Я вошла в раздевалку, увидела, что Женька уткнулся лицом в чьё-то пальто и тихонечко воет. Мне стало его безумно жалко. Я немедленно встала в другой угол и, тоже уткнувшись носом в чьё-то пальто, заскулила. Время от времени я отнимала ладошки от лица, смотрела в сторону Женьки, снова утыкалась в ладошки и ревела чуть громче, чтобы Женька понимал, что я реву от сочувствия и жалости к нему.

Проходившая мимо воспитательница, услышав наш скулящий дуэт, вошла в раздевалку, очень удивилась моему плачу за компанию с братцем и разрешила обоим покинуть наши углы.

Дома я бы и не подумала плакать из жалости к Женьке, если бы он был наказан взрослыми. Я бы даже мстительно злорадствовала. И часто по собственной инициативе выкладывала взрослым все нехорошие проделки моих братьев, а они меня презирали за это и, конечно же, обзывали ябедой.

Так проходил процесс моего воспитания параллельно чувственному (зрительному, слуховому, осязательному, обонятельному) восприятию окружающего меня мира. Надо полагать, что мой мыслительный процесс был ещё примитивным, без логических умопостроений, но память была цепкой. И даже неодушевлённый мир казался мне живым, потому что из него исходили звуки, запахи, тепло или холод, разнообразные краски.

…Утром я просыпаюсь в своей кроватке дома и замечаю пробивающиеся в комнату сквозь щели закрытых ставен лучи солнца. В этих лучах играют, кружатся пылинки. Они – живые!

Один лучик падает на висящую на гвозде гитару. Она тоже кажется мне живым существом. Круглая дырка в её корпусе – это широко открытый рот. Симметричные цветные наклейки по обе стороны от гитарных струн – это глаза. И я начинаю уговаривать гитару, грозя ей пальцем:

– Ты меня не тронь! Ты маму мою не тронь! Ты бабушку мою не тронь! И Герку с Женькой не тронь! А то мой папка придёт и расколотит тебя!

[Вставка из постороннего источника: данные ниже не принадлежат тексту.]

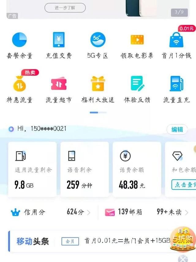 网友吐槽:移动运营商打电话给说之前的套餐不能续约,要加3块钱改换为5G套餐,这个月提醒我套餐已更改但还是显示的4g。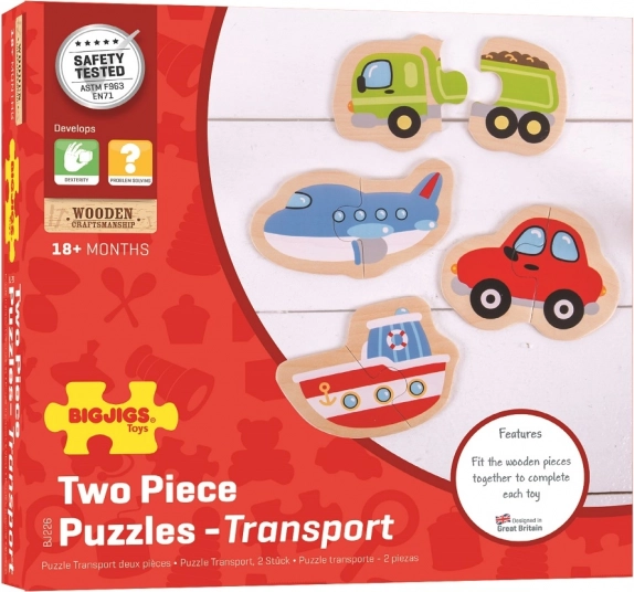 Tato sada dřevěných puzzlí přináší čtyři oblíbené dopravní prostředky, které děti snadno složí ze dvou pevných dílků. Jednoduché tvary, výrazné barvy a příjemné dřevěné provedení lákají k opakovanému hraní a přirozeně podporují rozvoj řeči, rozpoznávání tvarů a barev i soustředění.

А то чудовищем становлюсь я сама. Я ем пельмени. Расположив их по кругу на тарелке, я представляю, что это цыплятки. Моя вилка хищно кружит над ними, нацеливается на одного из них, протыкает и несёт к широко открытому моему рту. И это не рот, а отверстие в горе, где живёт страшила-змей. Вот он: время от времени высовывается из отверстия, толстый и красный. Он ждёт очередного цыплёнка, которого хочет сожрать. Уже догадались, что это мой язык. А мои зубы – это забор, который не даёт цыплёнку убежать от страшилы-змея. Такой вот триллер, придуманный моей фантазией.

Или вот зима. Снега много и холодно на улице. Всё застылое, мёртвое.

Но вот стало чаще показываться солнце, на улице теплеет, снег уплотняется и темнеет. Я прислушиваюсь к журчащим звукам под снежным покровом. Что же это? Вроде вода журчит? Я топаю валенком по насту, валенок проваливается в снег и быстро намокает, а я продолжаю протаптывать канавку, и в неё из-под снега вытекает весёлый ручеёк. Это он, оказывается, журчал, отыскивая себе выход. Я его освободила!

Потом снег исчезает. Бурые от засохшей прошлогодней травы полянки начинают покрываться свежей зеленью. Да и всё в мире преображается: небо, облака, деревья. В траве расцветают маленькие солнышки – одуванчики. Но меня больше всего начинает волновать какой-то необъяснимо приятный запах, от которого кружится голова. Мне хочется бежать на этот запах, но я ещё мала и одна боюсь выбегать со двора.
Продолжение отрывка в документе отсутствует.